* [What you should do]: Transcribe the entries below exactly, starting with the line that has "Dit stoere betonnen" and stopping after the line that has "Mixed lot of"; no pictures belong in the copy.

* [Information provided]:
※

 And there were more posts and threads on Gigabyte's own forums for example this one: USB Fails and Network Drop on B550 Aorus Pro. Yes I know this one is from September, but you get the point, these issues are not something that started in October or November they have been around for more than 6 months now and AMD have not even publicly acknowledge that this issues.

※

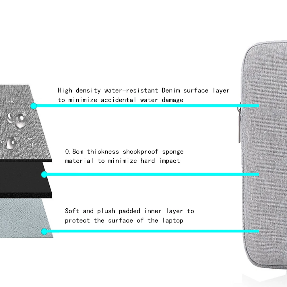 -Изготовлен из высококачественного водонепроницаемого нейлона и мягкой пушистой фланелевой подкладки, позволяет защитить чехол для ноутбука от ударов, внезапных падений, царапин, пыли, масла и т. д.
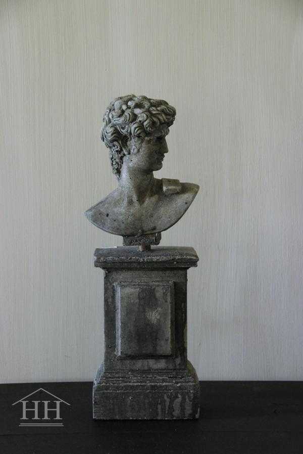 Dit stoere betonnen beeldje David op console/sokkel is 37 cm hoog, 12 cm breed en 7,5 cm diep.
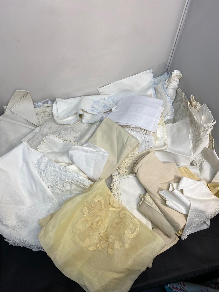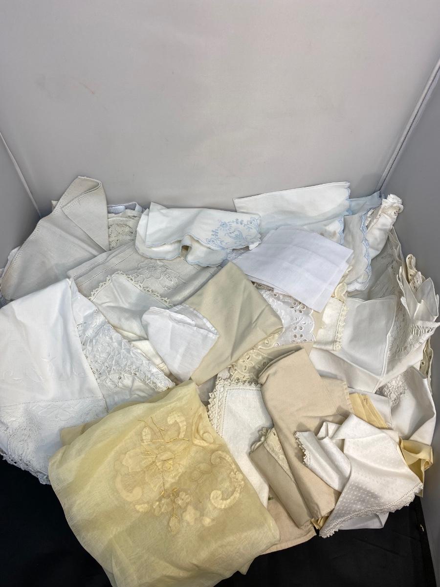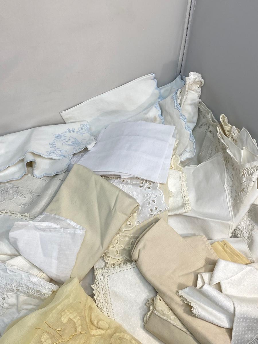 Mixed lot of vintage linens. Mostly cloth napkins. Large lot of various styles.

※

* [Answer space]:
 Dit stoere betonnen beeldje David op console/sokkel is 37 cm hoog, 12 cm breed en 7,5 cm diep.
 Mixed lot of vintage linens. Mostly cloth napkins. Large lot of various styles.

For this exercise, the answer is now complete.